Thursday, April 12, 2012

Reading the Tea Leaves

One of the most frustrating parts of appellate advocacy occurs not just when the appellate court reject's one's arguments on appeal, but rather when the appellate court appears to go out of its way to suggest that the problem with the argument is that it was framed improperly. Instead of simply rejecting the argument, the appellate court will offer some gratuitous aside about how another question--undoubtedly one not specifically raised in the appeal, or so the appellate court says--might result in a different resolution. It's essentially a double dose of harsh reality, as if the court were saying that (1) the argument you did in fact make was no good, and (2) if you had made this other argument, you might have won. Implicit in the second observation is that you were likely ineffective for not raising that other argument. Of course, as most appellate practitioners know, if you did in fact make the argument suggested by the appellate court, the opinion would probably say the error was harmless, unpreserved, and/or insufficiently briefed.

All rambling aside, a good example of the gratuitous appellate comment can be found in the recent decision of the Utah Court of Appeals in State v. Tibbets. After rejecting the defendant's arguments about the improper admission of 404(b) evidence, the court casually observes:

Throughout Defendant's analysis of rule 404(b), she claims, without legal support, that rule 404(b) evidence must be "direct evidence" and cannot be an unsubstantiated allegation.

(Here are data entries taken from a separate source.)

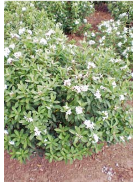
Daphne transatlantica cultivars, formerly known as Daphne caucasica, are known for their rugged adaptability to a variety of conditions.

large, some evergreen and others deciduous, they fill many design needs in the garden.
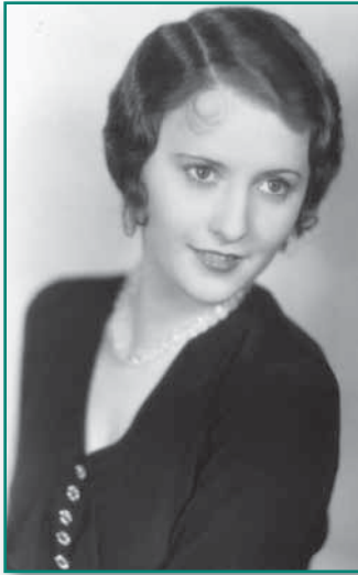
Portrait of Barbara Stanwyck in "Ten Cents a Dance" New Fillmore Theatre"

While many universities have special collections, very few have collections as extensive and significant as the AHC. The AHC does much to support UW's
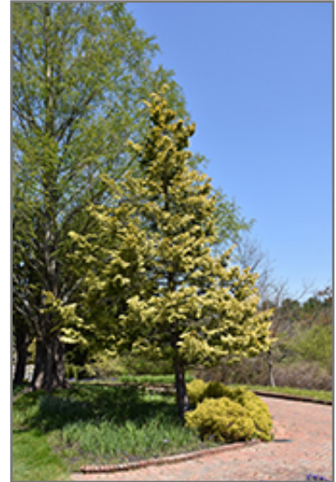
Cripps Gold Falsecypress

This tree does best in full sun to partial shade. It prefers to grow in average to moist conditions, and shouldn't be allowed to dry out. It is not particular as to soil type or pH. It is highly tolerant of urban pollution and will even thrive in inner city environments, and will benefit from being planted in a relatively sheltered location. Consider applying a thick mulch around the root zone in winter to protect it in exposed locations or colder microclimates. This is a selected variety of a species not originally from North America.
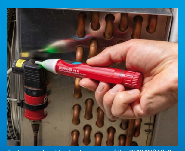
Testing a solenoid valve by means of the BENNING VT 2
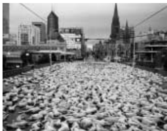
Spencer Tunick, "Melbourne 1, Edition 1/6", 2001, Chromogenic Colour Print, 1803 x 2267mm
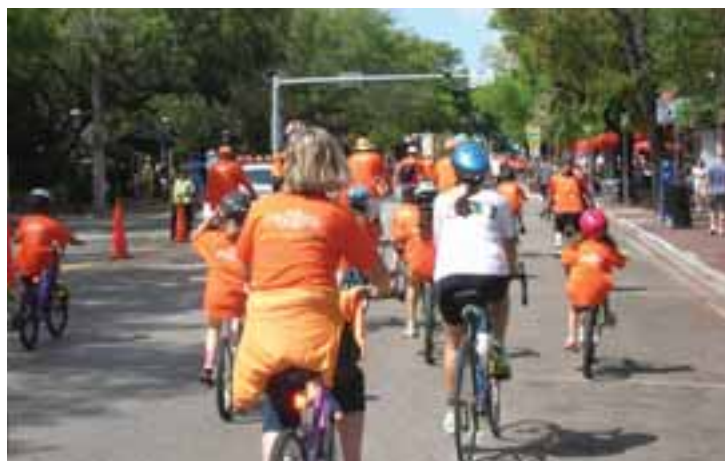
Bike Miami Days

While this raises the interesting issue of what quantum of proof must be presented for evidence to be admitted as rule 404(b) evidence, Defendant has failed to convince us that more was required in this case.

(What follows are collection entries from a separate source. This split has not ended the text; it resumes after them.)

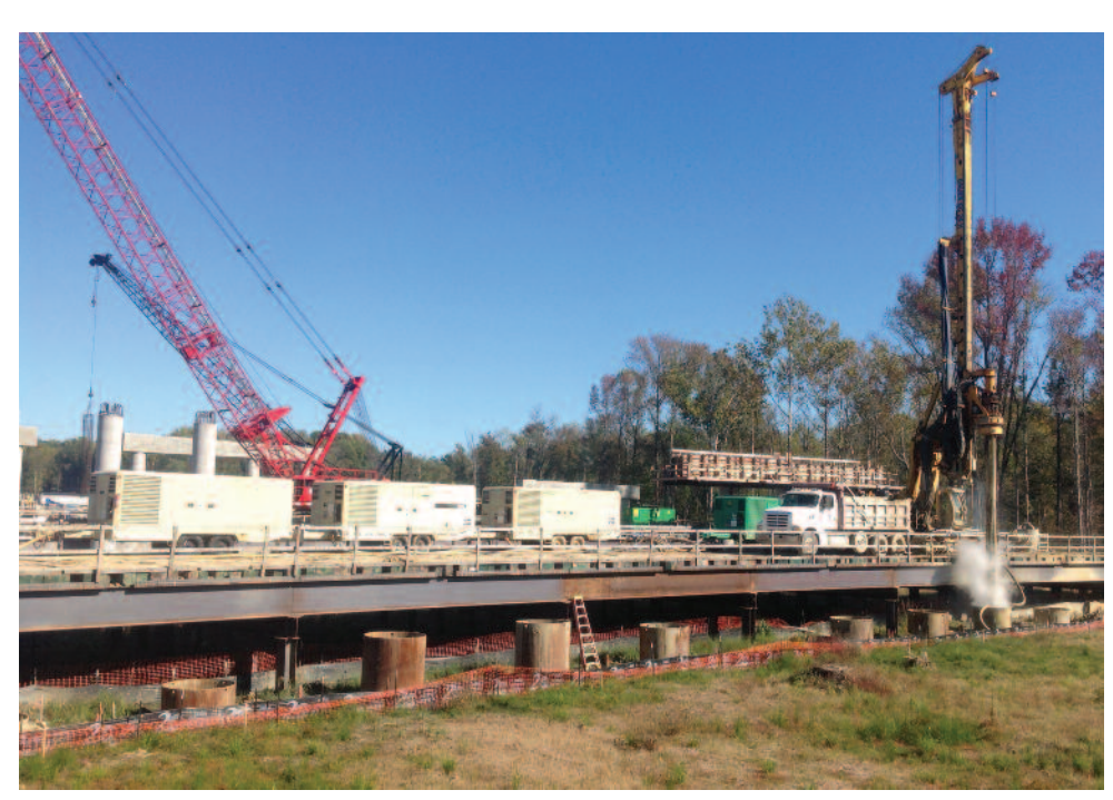
Cluster drilling on temporary work bridge in Horse Pen Creek wetland.
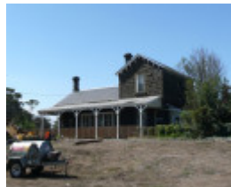
BANNOCKBURN RAILWAY STATION SOHE 2008
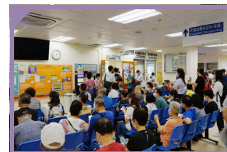
Blood Taking Centre, G/F
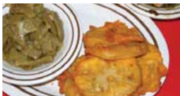
Ironton Cafe, Ironton

BBQ & baked beans at Golden Rule Bar-B-Q (1891), 205-956-2678 Fried green tomatoes at the Ironton Cafe (1928), 205-956-5258

In other words, the Court of Appeals acknowledges that the defendant has raised an "interesting" issue regarding 404(b) evidence, but rather than actually establish a rubric for determining the quantum of proof necessary for future cases, the court simply says that the defendant has not convinced the court that any error occurred. So, I suppose, the defendant must meet a particular threshold showing, though just how much is necessary to meet that threshold is left undetermined. Defense attorneys are thus left guessing what standard, if any, is imposed in Tibbets, and they are also left wondering whether subsequent challenges to the "interesting" question of what quantum of proof is necessary to admit 404(b) evidence will be summarily rejected in a similar fashion. Out of an abundance of caution, however, it may behoove practitioners to address the "interesting" question alluded to by the Court of Appeals. The chances of success aren't great, but at least the court won't claim that you failed to raise the argument.